Dimer structure of 50 ms (S) is superimposed on the core D4/D4 domains of the 50 ms (L) dimer by minimizing the root mean square deviation (RMSD) of the main-chain Cα positions. a RMSD values of Cα positions of the monomer (chain A) of the 50 ms (L) and (S) structures are plotted against the residue numbers. D2 (residues 9–91), D3 (residues 103–203), and D4 (residues 229–623) domains are indicated by blue, orange, and green bars, respectively, with residue numbers at both ends. Thin red lines indicates the average RMSD value (also mentioned in numbers) of each domain. Source data are provided as a Source Data file. b Array of dimers in the crystal lattice (thin gray line) is shown with the same color codes for each domain as indicated in panel (a), except for gray-colored domain D4, viewed in an orthoscopic manner with slight rotation (5°) around the a-axis. Four dimers in the unit cell are shown in darker colors. Small black arrows indicate the direction of the unit cell axes in the abc coordinate system. Enlarged window illustrates the movements of the D2 and D3 domains identified by comparing the 50 ms (L) and (S) structures.

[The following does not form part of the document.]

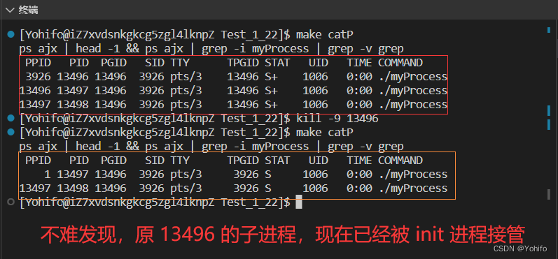 这句话的含义是当我们销毁 父进程 后,它所创建的 子进程 并不会跟着被销毁,而是被 init 1号进程接管,成为一个 孤儿进程

Two magenta arrows indicate the vectors of the mass center movements of D2 (blue; vector components: a = 0.139 Å, b = −0.053 Å, and c = 0.021 Å) and D3 (orange; a = −0.084 Å, b = −0.232 Å, and c = 0.0041 Å) against D4 (green) in the 50 ms (S) structure. To emphasize the moving direction, vector lengths are magnified by 40-fold at the mass centers calculated from the Cα positions of the domains. TPQ_psb (magenta spheres) and substrate-binding pocket (white surface) are also overlaid.